|
|
View previous topic :: View next topic |
Author |
Message |
PCM programmer
Joined: 06 Sep 2003 Posts: 21708
|
|
Posted: Tue Apr 24, 2007 7:57 pm |
|
|
You want it to work at very low frequencies. That's different from just
making the demo work. It requires adjustments to the pre-scalers.
I'll work on it tomorrow. |
|
|
acidice333
Joined: 14 Oct 2006 Posts: 33
|
|
Posted: Tue Apr 24, 2007 8:02 pm |
|
|
Yes.
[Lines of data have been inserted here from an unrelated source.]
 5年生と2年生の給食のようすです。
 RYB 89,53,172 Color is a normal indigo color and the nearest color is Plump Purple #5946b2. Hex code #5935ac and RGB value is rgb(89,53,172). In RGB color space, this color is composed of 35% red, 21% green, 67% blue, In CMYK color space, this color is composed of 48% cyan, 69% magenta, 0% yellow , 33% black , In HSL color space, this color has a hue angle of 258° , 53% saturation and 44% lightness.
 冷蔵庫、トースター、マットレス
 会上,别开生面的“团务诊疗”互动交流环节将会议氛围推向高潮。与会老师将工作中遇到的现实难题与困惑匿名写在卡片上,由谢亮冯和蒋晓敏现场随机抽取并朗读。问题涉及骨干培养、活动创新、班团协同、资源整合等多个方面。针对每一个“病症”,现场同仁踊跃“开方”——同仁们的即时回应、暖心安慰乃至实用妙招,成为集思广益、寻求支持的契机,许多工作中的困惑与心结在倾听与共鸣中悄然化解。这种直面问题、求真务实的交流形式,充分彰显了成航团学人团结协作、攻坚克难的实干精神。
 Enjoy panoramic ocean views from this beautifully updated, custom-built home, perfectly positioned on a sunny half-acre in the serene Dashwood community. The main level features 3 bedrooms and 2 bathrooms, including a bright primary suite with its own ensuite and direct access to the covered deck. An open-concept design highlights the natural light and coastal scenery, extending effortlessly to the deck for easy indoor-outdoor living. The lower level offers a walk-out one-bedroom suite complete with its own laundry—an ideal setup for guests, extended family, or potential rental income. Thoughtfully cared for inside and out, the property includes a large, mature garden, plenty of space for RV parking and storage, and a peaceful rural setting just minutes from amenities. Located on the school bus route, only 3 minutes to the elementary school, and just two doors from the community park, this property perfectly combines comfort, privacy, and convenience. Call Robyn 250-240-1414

I was thinking it might be a prescalar problem, looking forward to your post tommorow (: Would be a bonus if it worked with 1hz (: |
|
|
PCM programmer
Joined: 06 Sep 2003 Posts: 21708
|
|
Posted: Sun May 20, 2007 2:06 pm |
|
|
Here's the answer to your question:
To make the tachometer example work with a 1 Hz input signal while the
PIC is running at 48 MHz, you need to extend Timer1 to 24 bits (currently
it's only 16 bits wide).
The reason for this is because at 48 MHz, the Timer1 clock is 12 MHz
(1/4 of the oscillator frequency). A 1 Hz input signal has a period of
one second. During that one second, the Timer1 will count up to 12
million. But Timer1 is only 16-bits wide, so it can only hold 65535.
By extending it to 24-bits, it can count up to 16777215 and so it's now
big enough to hold the count of 12,000,000 which occurs between the
positive edges of a 1 Hz input signal.
You could increase the pre-scaler on Timer1 to 8 (the maximum value
available), and this would reduce the timer clock to 1.5 MHz. But the
count during one second would still be 1.5 million, and that's way more
than the 65535 that the Timer1 hardware can count up to. So even
with a Timer1 prescaler, you still need to extend the Timer to 24-bits.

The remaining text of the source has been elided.